Segment Open

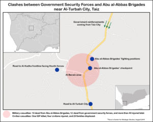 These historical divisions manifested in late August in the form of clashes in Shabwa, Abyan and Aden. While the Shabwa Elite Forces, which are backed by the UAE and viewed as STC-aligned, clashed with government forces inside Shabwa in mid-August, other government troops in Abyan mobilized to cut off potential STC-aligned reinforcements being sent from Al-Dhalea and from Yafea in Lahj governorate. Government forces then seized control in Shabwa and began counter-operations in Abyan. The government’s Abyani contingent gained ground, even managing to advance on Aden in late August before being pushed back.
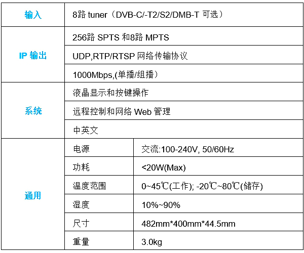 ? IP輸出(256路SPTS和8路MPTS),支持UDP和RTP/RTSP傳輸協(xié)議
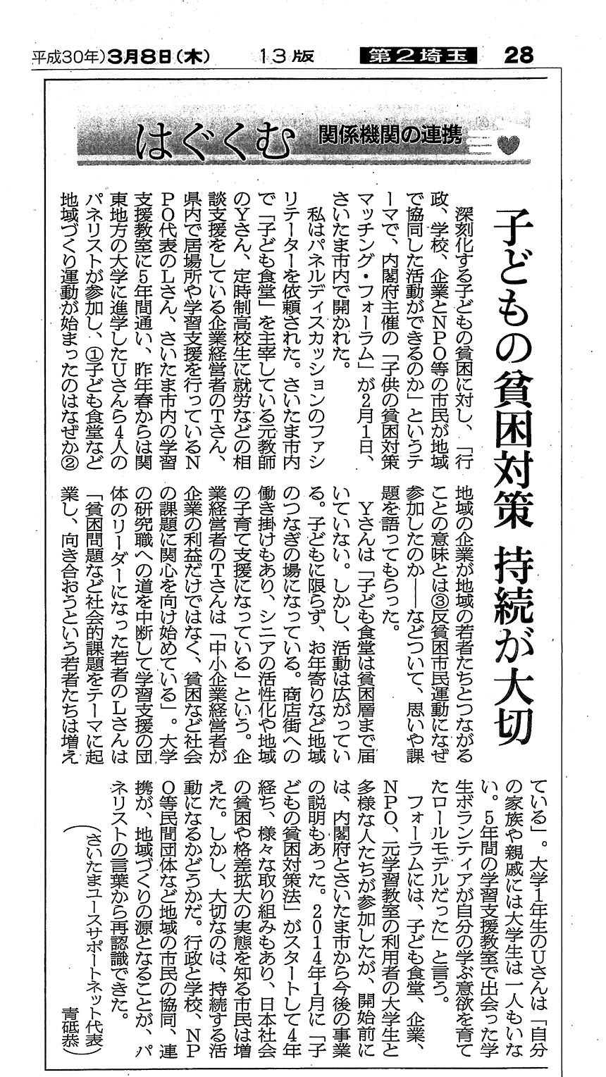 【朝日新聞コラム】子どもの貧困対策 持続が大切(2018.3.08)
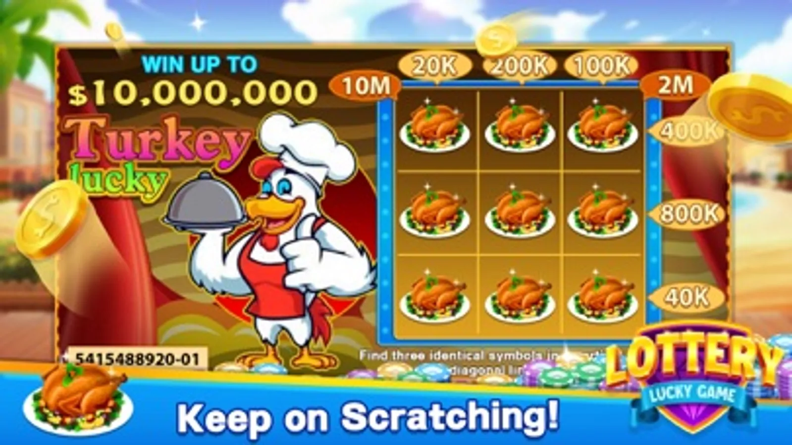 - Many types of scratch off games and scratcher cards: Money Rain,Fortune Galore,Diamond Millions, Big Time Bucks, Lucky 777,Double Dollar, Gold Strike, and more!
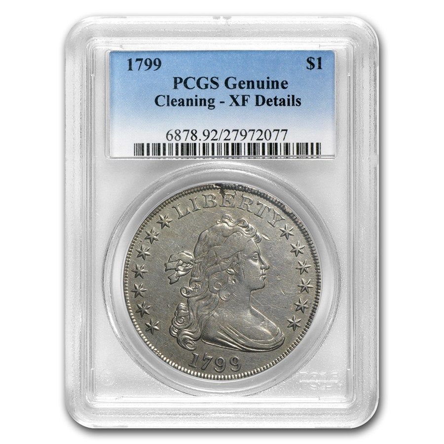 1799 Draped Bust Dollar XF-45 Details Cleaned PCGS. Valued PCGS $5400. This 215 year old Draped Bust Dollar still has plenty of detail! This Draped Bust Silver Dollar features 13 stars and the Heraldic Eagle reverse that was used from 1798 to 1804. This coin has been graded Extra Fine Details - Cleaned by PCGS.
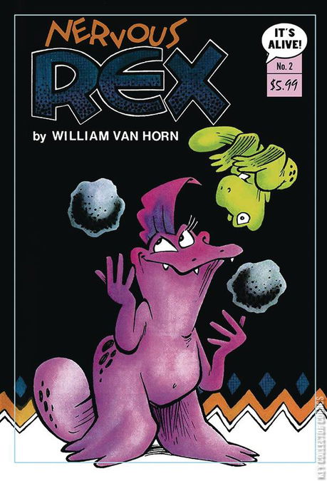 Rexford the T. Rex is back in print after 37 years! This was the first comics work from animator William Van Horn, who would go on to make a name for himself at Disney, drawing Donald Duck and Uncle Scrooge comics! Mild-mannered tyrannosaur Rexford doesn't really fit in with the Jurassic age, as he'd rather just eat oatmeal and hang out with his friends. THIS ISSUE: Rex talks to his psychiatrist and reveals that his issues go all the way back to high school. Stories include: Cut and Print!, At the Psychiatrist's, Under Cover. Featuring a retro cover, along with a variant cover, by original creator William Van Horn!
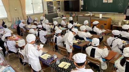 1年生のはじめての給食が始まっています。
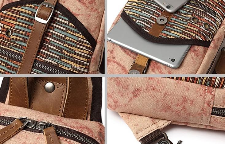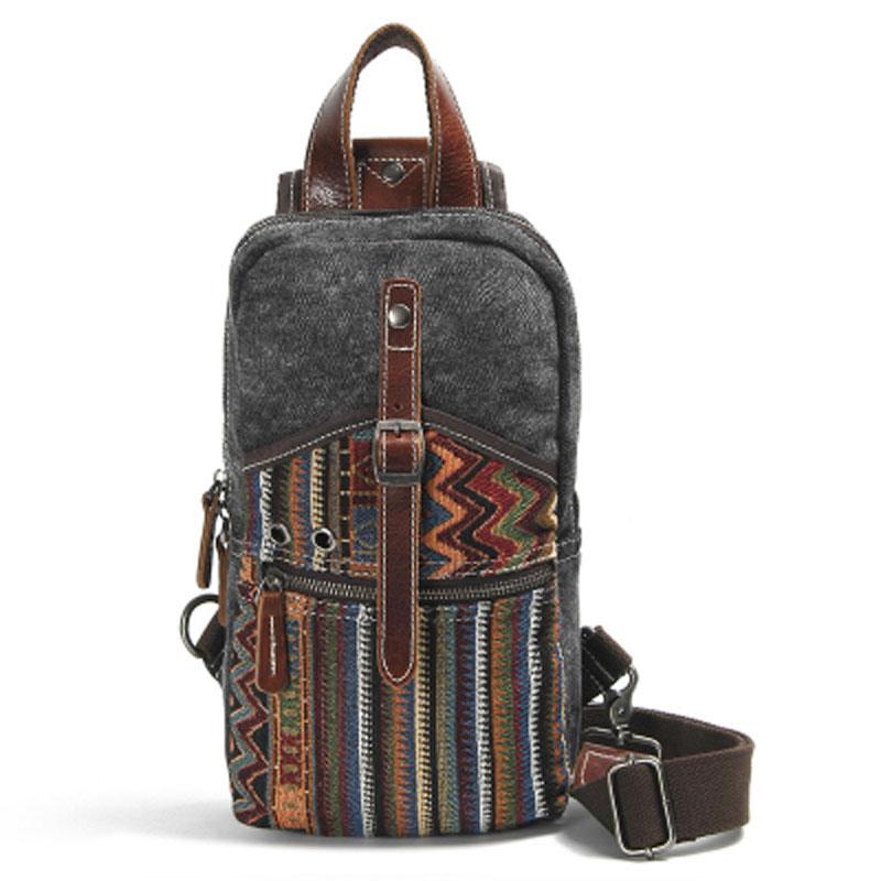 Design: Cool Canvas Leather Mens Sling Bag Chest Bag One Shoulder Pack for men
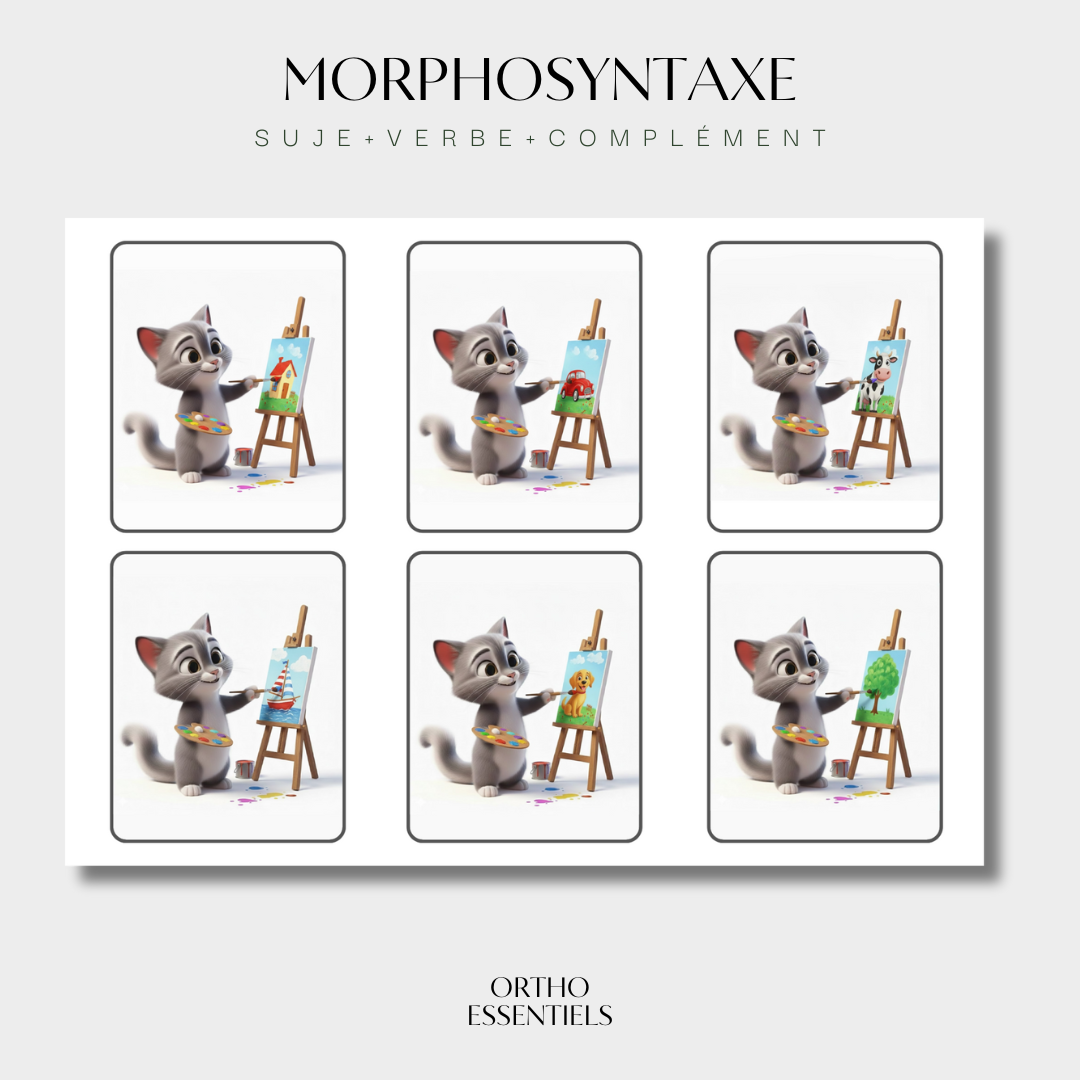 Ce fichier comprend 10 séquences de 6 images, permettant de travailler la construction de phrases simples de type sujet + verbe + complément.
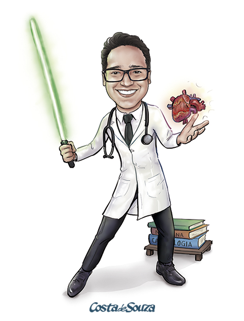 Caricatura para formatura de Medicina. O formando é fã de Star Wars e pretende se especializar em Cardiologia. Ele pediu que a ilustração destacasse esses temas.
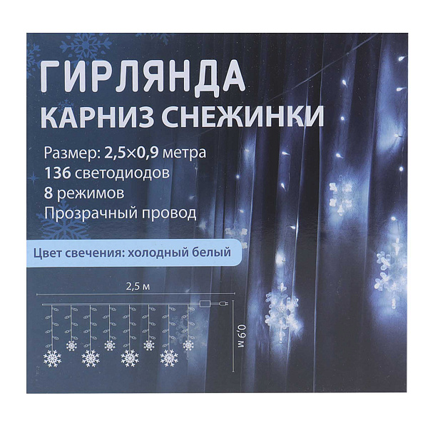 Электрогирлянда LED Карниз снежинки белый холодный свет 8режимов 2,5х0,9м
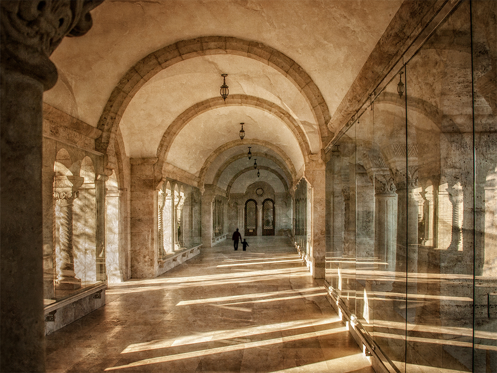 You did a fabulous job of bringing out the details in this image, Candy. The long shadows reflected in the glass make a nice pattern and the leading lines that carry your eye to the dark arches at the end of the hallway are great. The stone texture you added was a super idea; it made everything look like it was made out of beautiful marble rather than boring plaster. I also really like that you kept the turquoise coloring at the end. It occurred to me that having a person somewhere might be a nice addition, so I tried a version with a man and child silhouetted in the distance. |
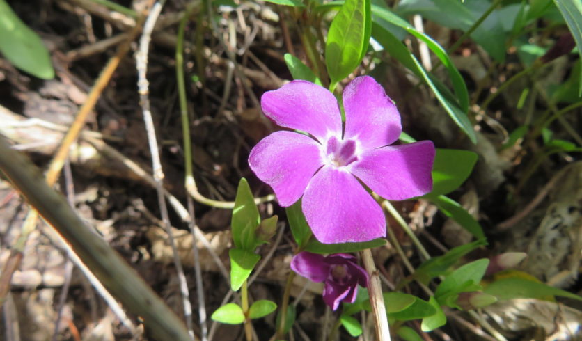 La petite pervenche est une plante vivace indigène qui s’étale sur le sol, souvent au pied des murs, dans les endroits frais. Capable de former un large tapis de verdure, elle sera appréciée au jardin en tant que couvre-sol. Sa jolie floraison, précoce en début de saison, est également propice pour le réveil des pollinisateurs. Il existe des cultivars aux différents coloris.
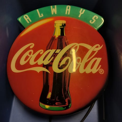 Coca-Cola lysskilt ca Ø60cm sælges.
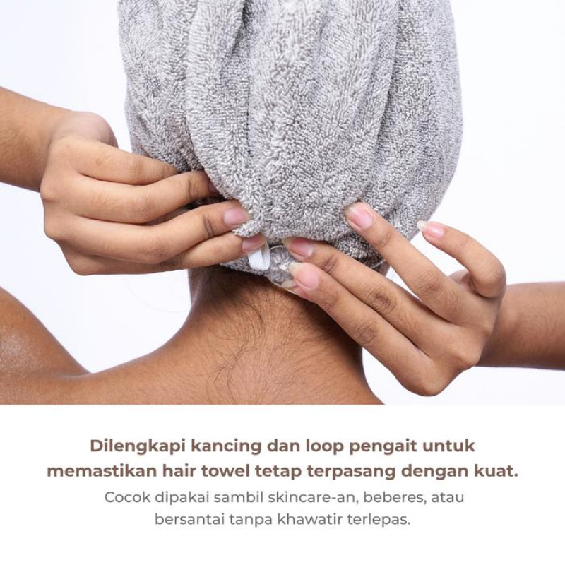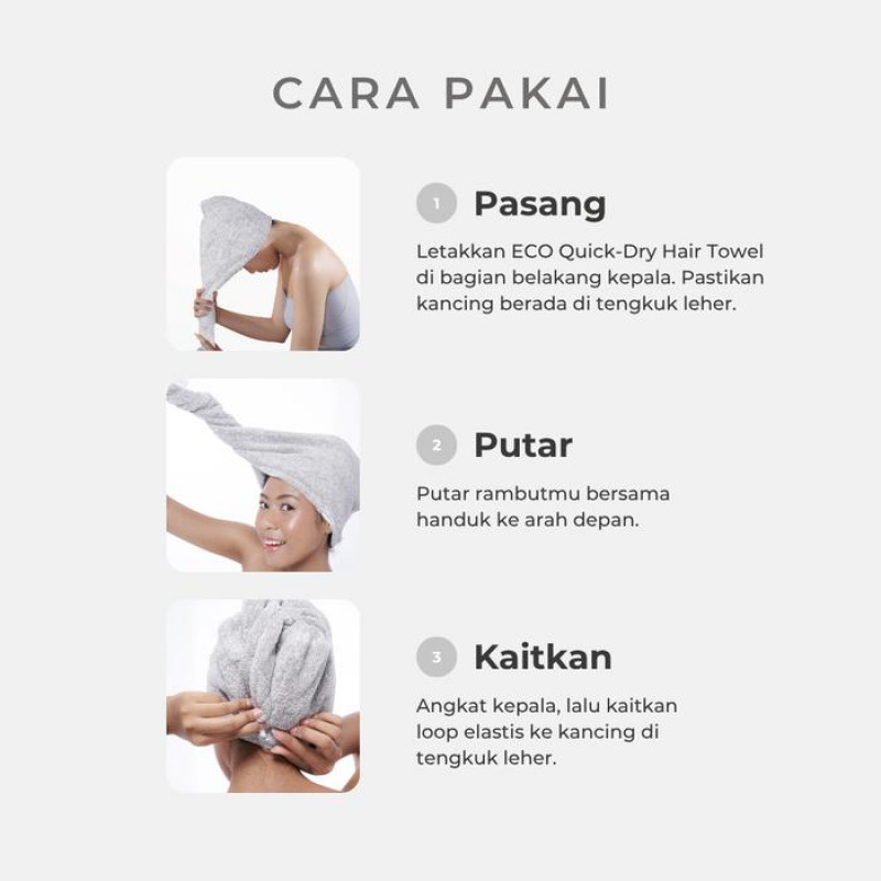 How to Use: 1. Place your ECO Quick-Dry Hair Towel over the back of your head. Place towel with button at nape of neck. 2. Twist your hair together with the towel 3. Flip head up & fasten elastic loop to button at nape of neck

Segment Closed

→ **Required action**
From the material above, write out exactly the lines from the line with "La petite pervenche" through the closing line, inclusive, and no pictures.

→ **Your solution**
 La petite pervenche est une plante vivace indigène qui s’étale sur le sol, souvent au pied des murs, dans les endroits frais. Capable de former un large tapis de verdure, elle sera appréciée au jardin en tant que couvre-sol. Sa jolie floraison, précoce en début de saison, est également propice pour le réveil des pollinisateurs. Il existe des cultivars aux différents coloris.
 Coca-Cola lysskilt ca Ø60cm sælges.
 How to Use: 1. Place your ECO Quick-Dry Hair Towel over the back of your head. Place towel with button at nape of neck. 2. Twist your hair together with the towel 3. Flip head up & fasten elastic loop to button at nape of neck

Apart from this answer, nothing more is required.